Still 95% correct … While experiments like this are fun, it looks like they can also tell us something serious: Imagine the case of so-called “debiasing” by removing features like race, gender, or income. How many proxy variables may still be left that allow for inferring the masked attributes?

14.7 A look at the hidden representations

Looking at the weight matrix of an embedding module, what we see are the learned representations of a feature’s values. The first categorical column was cap-shape; let’s extract its corresponding embeddings:

embedding_weights <- vector(mode = "list")
for (i in 1: length(model$embedder$embeddings)) {
  embedding_weights[[i]] <- model$embedder$embeddings[[i]]$parameters$weight$to(device = "cpu")
}

cap_shape_repr <- embedding_weights[[1]]
cap_shape_repr

torch_tensor
-0.0025 -0.1271  1.8077
-0.2367 -2.6165 -0.3363
-0.5264 -0.9455 -0.6702
 0.3057 -1.8139  0.3762
-0.8583 -0.7752  1.0954
 0.2740 -0.7513  0.4879
[ CPUFloatType{6,3} ]

The number of columns is three, since that’s what we chose when creating the embedding layer. The number of rows is six, matching the number of available categories. We may look up per-feature categories in the dataset description (agaricus-lepiota.names):

cap_shapes <- c("bell", "conical", "convex", "flat", "knobbed", "sunken")
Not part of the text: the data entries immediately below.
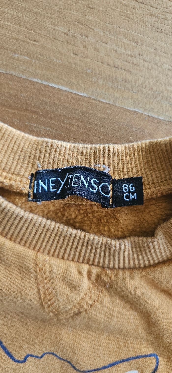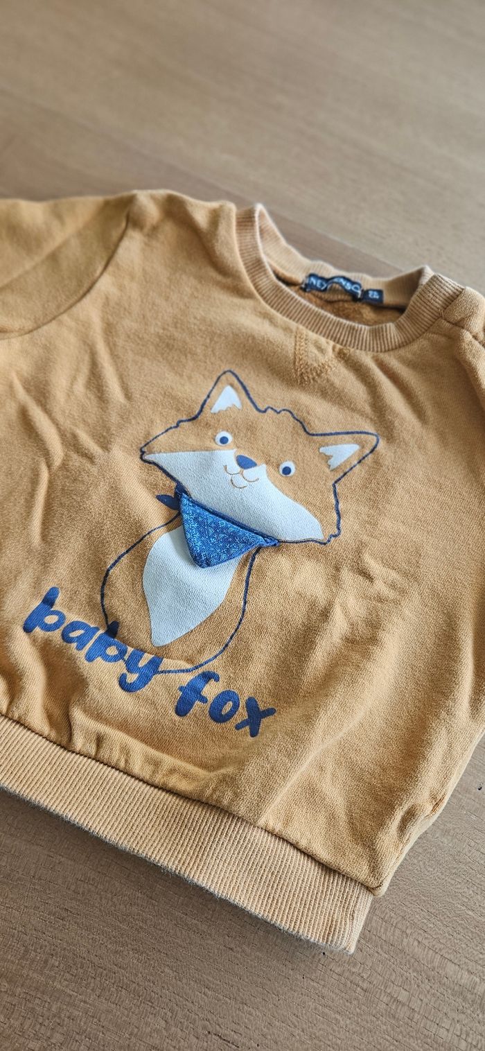 Pull chaud marron, garçon. Dessin imprimé sur le devant. Ouverture pressionnée sur l'épaule. Porté mais reste en très bon état. Aucune tâche, ni trou 👌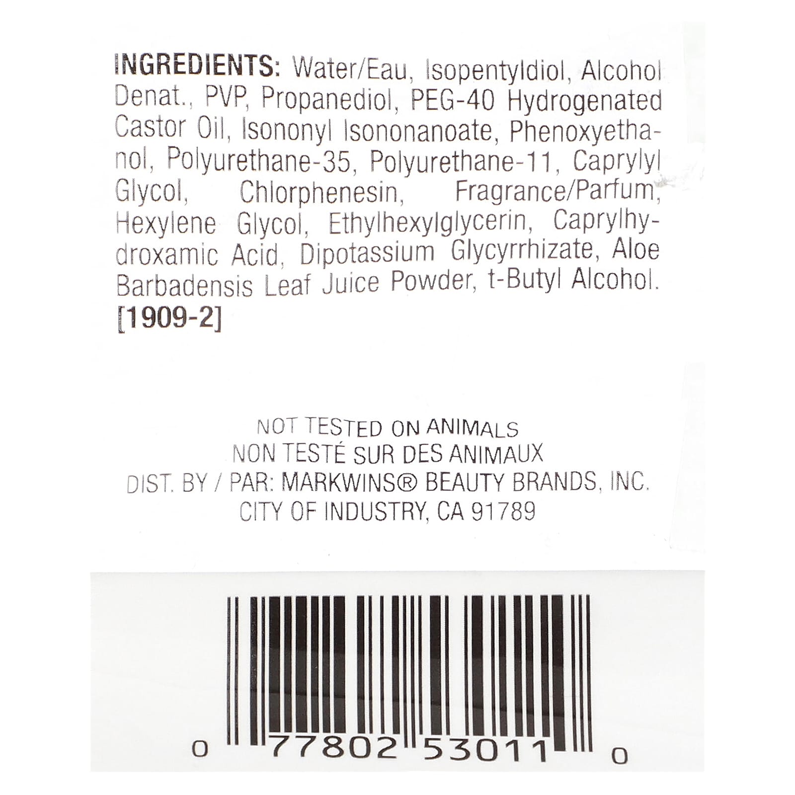 Вода (Eau), изопентилдиол, денатурированный спирт, ПВП, пропандиол, ПЭГ-40 гидрогенизированное касторовое масло, изононил изононаноат, феноксиэтанол, полиуретан-35, полиуретан-11, каприлилгликоль, хлорфенезин, отдушка (парфюмерная композиция), гексиленгликоль, этилгексилглицерин, каприлгидроксаминовая кислота, дикалия глицирризат, порошок из сока листьев алоэ вера (Aloe barbadensis), трет-бутиловый спирт.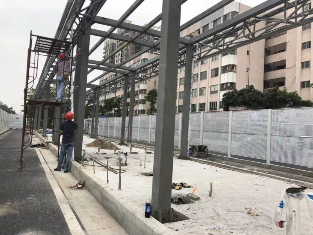 该路段从3月10日正式开工,现三个站均已完成地面浇筑及钢结构主钢梁安装工作,5月计划完成顶棚铝板安装、售票房轻型钢结构安装、水电安装、智能化设备安装等工作。计划在7月底完成康华路三个站台施工,8月份进入设备调试阶段。

For visualization, it’s convenient to do principal components analysis (but there are other options, like t-SNE). Here are the six cap shapes in two-dimensional space:

pca <- prcomp(cap_shape_repr, center = TRUE, scale. = TRUE, rank = 2)$x[, c("PC1", "PC2")]

pca %>%
  as.data.frame() %>%
  mutate(class = cap_shapes) %>%
  ggplot(aes(x = PC1, y = PC2)) +
  geom_point() +
  geom_label_repel(aes(label = class)) + 
  coord_cartesian(xlim = c(-2, 2), ylim = c(-2, 2)) +
  theme(aspect.ratio = 1) +
  theme_classic()

Naturally, how interesting you find the results depends on how much you care about the hidden representation of a variable. Analyses like these may quickly turn into an activity where extreme caution is to be applied, as any biases in the data will immediately translate into biased representations. Moreover, reduction to two-dimensional space may or may not be adequate.